In special cases where \(\mathbf{A}\) is square and invertible, the exact solution can be written as
\[
\mathbf{x} = \mathbf{A}^{-1}\mathbf{b}.
\]
However, this is often not feasible, so we use the Moore–Penrose pseudo-inverse:
\[
\mathbf{x} = (\mathbf{A}^{\top}\mathbf{A})^{-1}\mathbf{A}^{\top}\mathbf{b},
\]
which provides the minimum-norm least-squares solution. Despite being conceptually simple, this approach is computationally expensive and numerically unstable, so it is rarely used in practice.
For large-scale systems, we use iterative methods, which gradually improve an approximate solution. These methods include:
- Stationary iterative methods: Richardson, Jacobi, Gauss–Seidel, and successive over-relaxation.
- Krylov subspace methods: Conjugate gradients, generalized minimal residual (GMRES), and biconjugate gradients.
These methods iteratively update the estimate of the solution according to
\[
\mathbf{x}^{(k+1)} = \mathbf{C}\mathbf{x}^{(k)} + \mathbf{d},
\]
reducing the residual error \(\|\mathbf{x}^{(k+1)} - \mathbf{x}^*\|\) at each step until convergence to the true solution \(\mathbf{x}^*\).
Exercises
Exercise 2.34 Particular/ General solution example.
Exercise 2.35 Gaussian Elimination example.
Exercise 2.36 -1 trick example.
Exercise 2.37 Find the inverse of \(\begin{bmatrix}1&2&3\\2&3&0\\3&0&1\end{bmatrix}\)
Exercise 2.38 Moore-Penrose pseudo inverse example.

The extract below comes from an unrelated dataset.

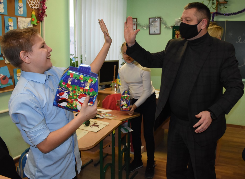 Євгеній Луценко та Григорій Дерун відвідавши кожен клас спеціальної школи вручили солодощі дітлахам та бажали міцного здоров’я, Божого благословення, успіхів у навчанні та завжди залишатися сповненими віри у щасливе майбутнє, щоб частіше траплялись дива. Побажали всім новорічної казки з дивами, сюрпризами, подарунками і щоб їх було більше з кожними роком.

Exercise 2.39 Solve the system of equations \[\begin{align*}2x + 5y + 2z & = - 38\\ 3x - 2y + 4z & = 17\\ - 6x + y - 7z & = - 12\end{align*}\]
Exercise 2.40 Solve the system of equations \[\begin{align*}2x - 4y + 5z & = - 33\\ 4x - y & = - 5\\ - 2x + 2y - 3z & = 19\end{align*}\]
Exercise 2.41 Solve the system of equations \[\begin{align*}x - y & = 6\\ - 2x + 2y & = 1\end{align*}\]
Exercise 2.42 Solve the system of equations \[\begin{align*}2x + 5y & = - 1\\ - 10x - 25y & = 5\end{align*}\]
Exercise 2.43 Find the inverse of \(\begin{bmatrix}1&0&2&3\\2&3&0&1\\0&3&0&1\\1&0&0&1\end{bmatrix}\).
Exercise 2.44 Consider a \(4 \times 4\) matrix. How many operations does Gaussian Elimination require? What about for an \(n \times n\) matrix?